If you wish to generate images from segmentation maps, please specify --label_nc=N and --input_nc=N where N is the number of semantic categories.
Similarly, for generating images from sketches, please specify --label_nc=1 and --input_nc=1.
Specifying --label_nc=0 (the default value), will directly use the RGB colors as input.

Identity/Similarity Losses
In pSp, we introduce a facial identity loss using a pre-trained ArcFace network for facial recognition. When operating on the human facial domain, we highly recommend employing this loss objective by using the flag --id_lambda.
In a more recent paper, encoder4editing, the authors generalize this identity loss to other domains by using a MoCo-based ResNet to extract features instead of an ArcFace network. Applying this MoCo-based similarity loss can be done by using the flag --moco_lambda. We recommend setting --moco_lambda=0.5 in your experiments.
Please note, you cannot set both id_lambda and moco_lambda to be active simultaneously (e.g., to use the MoCo-based loss, you should specify, --moco_lambda=0.5 --id_lambda=0).

Weights & Biases Integration

To help track your experiments, we've integrated Weights & Biases into our training process. To enable Weights & Biases (wandb), first make an account on the platform's webpage and install wandb using pip install wandb. Then, to train pSp using wandb, simply add the flag --use_wandb.

Note that when running for the first time, you will be asked to provide your access key which can be accessed via the Weights & Biases platform.

Using Weights & Biases will allow you to visualize the training and testing loss curves as well as intermediate training results.

Testing

Inference

Having trained your model, you can use scripts/inference.py to apply the model on a set of images.
For example,

python scripts/inference.py \
--exp_dir=/path/to/experiment \
--checkpoint_path=experiment/checkpoints/best_model.pt \
--data_path=/path/to/test_data \
--test_batch_size=4 \
--test_workers=4 \
--couple_outputs

Additional notes to consider:

During inference, the options used during training are loaded from the saved checkpoint and are then updated using the test options passed to the inference script. For example, there is no need to pass --dataset_type or --label_nc to the inference script, as they are taken from the loaded opts.
When running inference for segmentation-to-image or sketch-to-image, it is highly recommend to do so with a style-mixing, as is done in the paper. This can simply be done by adding --latent_mask=8,9,10,11,12,13,14,15,16,17 when calling the script.
When running inference for super-resolution, please provide a single down-sampling value using --resize_factors.
Adding the flag --couple_outputs will save an additional image containing the input and output images side-by-side in the sub-directory inference_coupled. Otherwise, only the output image is saved to the sub-directory inference_results.
By default, the images will be saved at resolutiosn of 1024x1024, the original output size of StyleGAN. If you wish to save outputs resized to resolutions of 256x256, you can do so by adding the flag --resize_outputs.

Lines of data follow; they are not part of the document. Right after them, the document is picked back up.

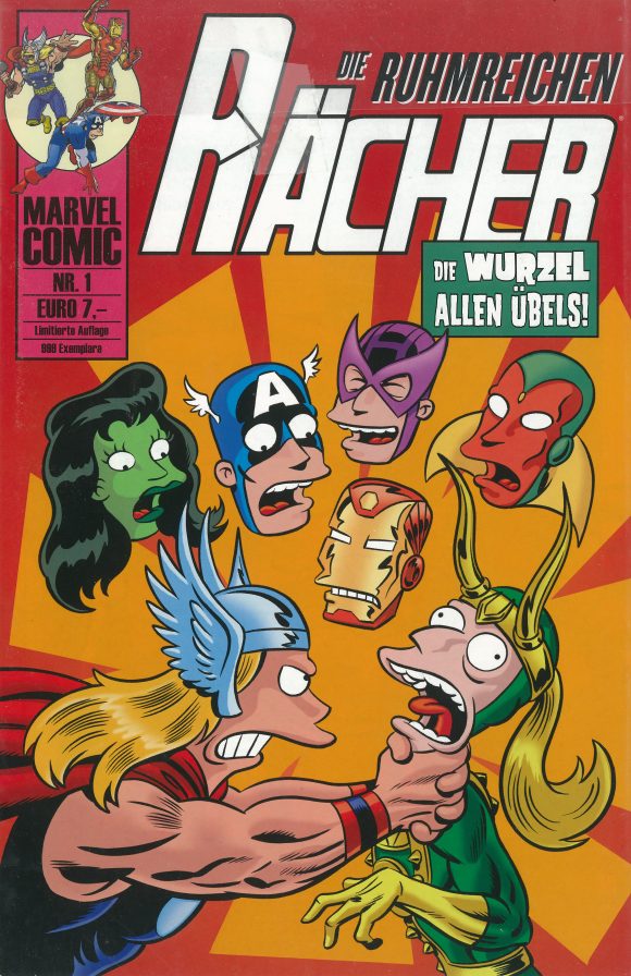 And I finally did get to do a full cover image for the story! I was set to attend a comics festival in Germany at the request of Dino, Bongo’s publishing partner in Deutschland, and they wanted to have a special comic by me for the event. Since they also published Marvel comics, they chose to do a reprint of my Avengers story and asked me to draw a custom cover!
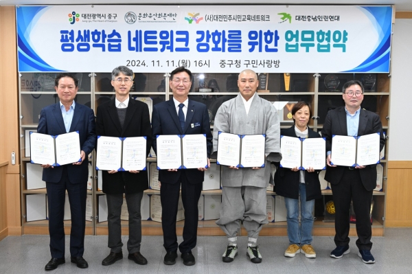 [충청뉴스큐] 대전 중구는 지난 11일 지역 평생학습 운영 및 활성화에 필요한 네트워크 강화를 위해 문화유산회복재단, 대전민주시민교육네트워크, 대전충남인권연대와 업무협약을 체결했다고 밝혔다.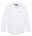 Polo Ralph Lauren skjortan har långa ärmar med vida kanter och två små vita knappar. I halsöppningen finns en klassisk krage och skjortan öppnas med vita knappar. Längre fram finns en stor, vacker volang. Skjortan är gjord i en mjuk, tätt vävd kvalitet.

Multi-Modal Synthesis with Style-Mixing

Given a trained model for conditional image synthesis or super-resolution, we can easily generate multiple outputs for a given input image. This can be done using the script scripts/style_mixing.py.
For example, running the following command will perform style-mixing for a segmentation-to-image experiment:

python scripts/style_mixing.py \
--exp_dir=/path/to/experiment \
--checkpoint_path=/path/to/experiment/checkpoints/best_model.pt \
--data_path=/path/to/test_data/ \
--test_batch_size=4 \
--test_workers=4 \
--n_images=25 \
--n_outputs_to_generate=5 \
--latent_mask=8,9,10,11,12,13,14,15,16,17

Here, we inject 5 randomly drawn vectors and perform style-mixing on the latents [8,9,10,11,12,13,14,15,16,17].

Additional notes to consider:

To perform style-mixing on a subset of images, you may use the flag --n_images. The default value of None will perform style mixing on every image in the given data_path.
You may also include the argument --mix_alpha=m where m is a float defining the mixing coefficient between the input latent and the randomly drawn latent.
When performing style-mixing for super-resolution, please provide a single down-sampling value using --resize_factors.
By default, the images will be saved at resolutiosn of 1024x1024, the original output size of StyleGAN. If you wish to save outputs resized to resolutions of 256x256, you can do so by adding the flag --resize_outputs.

Computing Metrics

Similarly, given a trained model and generated outputs, we can compute the loss metrics on a given dataset.
These scripts receive the inference output directory and ground truth directory.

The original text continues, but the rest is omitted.